- Assignment -
Reproduce the lines below exactly, from the one containing "针对这些问题,FastData采用了增加计算的设计,数据源在 Kafka 中,采用增量入湖,通过" through the one containing "issues more efficiently.", both included. Leave out any pictures.

- Extracted records -
>>>
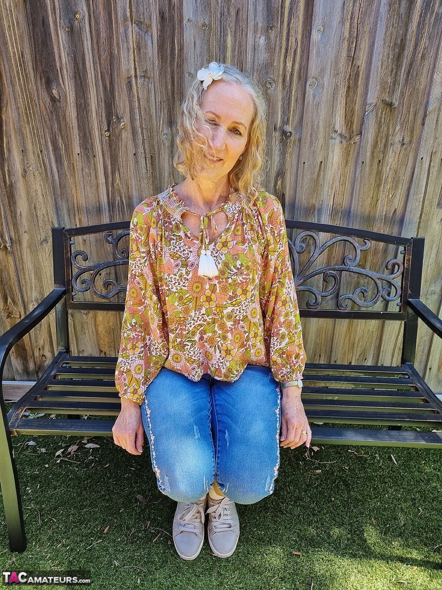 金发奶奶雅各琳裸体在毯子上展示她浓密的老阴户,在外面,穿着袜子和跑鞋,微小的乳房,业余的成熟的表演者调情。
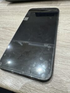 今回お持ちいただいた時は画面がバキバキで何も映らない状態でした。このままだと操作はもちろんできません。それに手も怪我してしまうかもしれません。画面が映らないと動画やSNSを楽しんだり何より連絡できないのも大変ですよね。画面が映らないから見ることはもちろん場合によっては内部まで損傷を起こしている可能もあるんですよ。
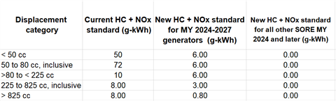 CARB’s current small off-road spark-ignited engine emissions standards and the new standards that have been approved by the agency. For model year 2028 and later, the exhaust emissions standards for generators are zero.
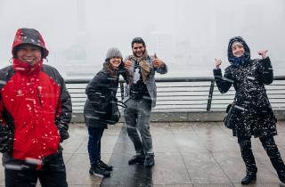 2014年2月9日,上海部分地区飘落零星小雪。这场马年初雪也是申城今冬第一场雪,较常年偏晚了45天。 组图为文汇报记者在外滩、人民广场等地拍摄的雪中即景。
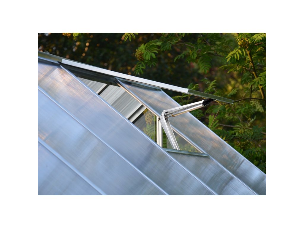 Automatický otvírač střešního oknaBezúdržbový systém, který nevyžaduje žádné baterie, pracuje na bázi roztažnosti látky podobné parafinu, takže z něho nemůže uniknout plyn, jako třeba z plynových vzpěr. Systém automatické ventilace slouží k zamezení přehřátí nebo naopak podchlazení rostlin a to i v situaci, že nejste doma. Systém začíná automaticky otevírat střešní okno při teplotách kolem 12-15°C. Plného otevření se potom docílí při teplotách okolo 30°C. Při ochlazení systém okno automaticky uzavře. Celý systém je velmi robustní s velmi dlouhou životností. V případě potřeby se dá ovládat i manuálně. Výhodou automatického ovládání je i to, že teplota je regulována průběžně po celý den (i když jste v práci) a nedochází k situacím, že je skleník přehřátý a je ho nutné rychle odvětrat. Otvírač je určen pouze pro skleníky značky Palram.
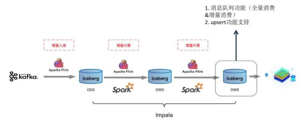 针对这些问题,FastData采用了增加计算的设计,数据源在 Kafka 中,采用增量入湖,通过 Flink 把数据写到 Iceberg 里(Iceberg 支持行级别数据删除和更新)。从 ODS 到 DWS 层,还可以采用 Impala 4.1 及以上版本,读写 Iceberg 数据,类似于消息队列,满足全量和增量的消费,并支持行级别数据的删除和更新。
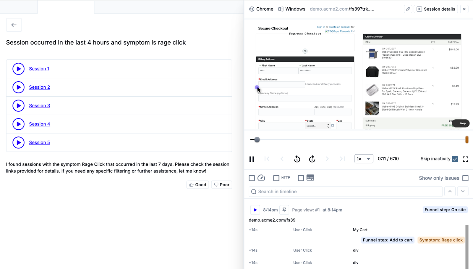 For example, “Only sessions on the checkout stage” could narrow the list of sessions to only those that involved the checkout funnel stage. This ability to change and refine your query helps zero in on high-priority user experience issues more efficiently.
<<<
>>>
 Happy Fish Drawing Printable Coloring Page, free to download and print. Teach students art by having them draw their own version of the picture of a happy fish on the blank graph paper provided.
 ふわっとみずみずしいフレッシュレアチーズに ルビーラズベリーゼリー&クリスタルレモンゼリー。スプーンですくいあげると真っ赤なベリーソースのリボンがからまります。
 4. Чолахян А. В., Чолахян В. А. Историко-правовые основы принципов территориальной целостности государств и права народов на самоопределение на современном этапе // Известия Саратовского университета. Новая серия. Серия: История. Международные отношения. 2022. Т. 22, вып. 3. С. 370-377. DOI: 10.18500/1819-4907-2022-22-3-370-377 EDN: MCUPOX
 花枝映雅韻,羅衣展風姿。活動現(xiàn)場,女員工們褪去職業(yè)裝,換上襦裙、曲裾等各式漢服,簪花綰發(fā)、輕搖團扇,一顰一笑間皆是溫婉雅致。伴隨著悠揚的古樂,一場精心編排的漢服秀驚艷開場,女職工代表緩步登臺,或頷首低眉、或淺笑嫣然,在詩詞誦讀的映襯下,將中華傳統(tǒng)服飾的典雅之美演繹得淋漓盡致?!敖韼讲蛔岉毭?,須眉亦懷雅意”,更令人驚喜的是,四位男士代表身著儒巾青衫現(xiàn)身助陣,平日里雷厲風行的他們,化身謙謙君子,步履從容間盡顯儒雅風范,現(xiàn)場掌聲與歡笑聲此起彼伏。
<<<
- Task result -
 针对这些问题,FastData采用了增加计算的设计,数据源在 Kafka 中,采用增量入湖,通过 Flink 把数据写到 Iceberg 里(Iceberg 支持行级别数据删除和更新)。从 ODS 到 DWS 层,还可以采用 Impala 4.1 及以上版本,读写 Iceberg 数据,类似于消息队列,满足全量和增量的消费,并支持行级别数据的删除和更新。
 For example, “Only sessions on the checkout stage” could narrow the list of sessions to only those that involved the checkout funnel stage. This ability to change and refine your query helps zero in on high-priority user experience issues more efficiently.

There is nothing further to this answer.